Well if that’s the case then it is indeed a rip off for the taxpayer.
They already spent $1.2mm. They have a prototype hand wired together. This isn’t even close to production ready, and it never will go into production because almost every new vehicle has an immobilizer built in that is authenticated via an nfc chip in the key that does exactly what this does, but transparently without driver input.
Car OEM are far as example of efficient work…

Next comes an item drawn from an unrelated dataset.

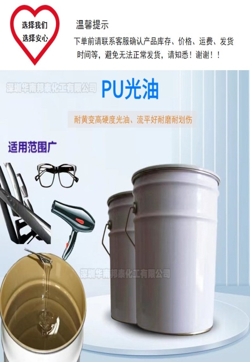 )!包装规格:5kg/桶、20kg/桶(主剂+固化剂+稀释剂配套分开包装)-储存时应密封避光,产品的保质期一般为12个月.PU光油凭借其高光泽、强耐磨和环保特性,成为表面涂装的方案。适用于家居、工业、工艺品等多领域,既能提升产品颜值,又能延长使用寿命!选购时请根据基材类型和施工条件选择适配型号,并严格遵循操作规范以达到佳效果.如需定制配方或技术指导,请联系我们的专业团队.调色订制产品的加工时间保障,一般情况下2-3天以內是正常,急件联系客服,安排时间,具体以客服按照接单量提供准确的交货期为准,时间计算:接单付款当天不算,次日开始计算。

It’s not efficient. That’s the point.

The car is a complicated product. It’s not a website. It’s not an app. My employer has 120k+ employees and factories in every continent except Antarctica. Regulatory bodies interject with anything related to access and security, and those bodies are different in every country/region. The product itself is massive physical good that many countries consider domestic production of which to be a matter of national security. Every single physical change to the product is analyzed by bean counters. Shipping the product requires at least some level of expertise in mechanical engineering, chemical engineering, hardware, software, and manufacturing. You need factories, regulatory approval, supplier networks, programmers, drivetrain engineers, management, people to lobby the government, accountants, and much more. You need it all.

You’d be shocked at how difficult adding a single physical button to any given car can be. Scoffing at $1.2mm for a new ECU that relates to security is naive. “I could do this in one day in my garage” is not how shipping a change to automotive products works.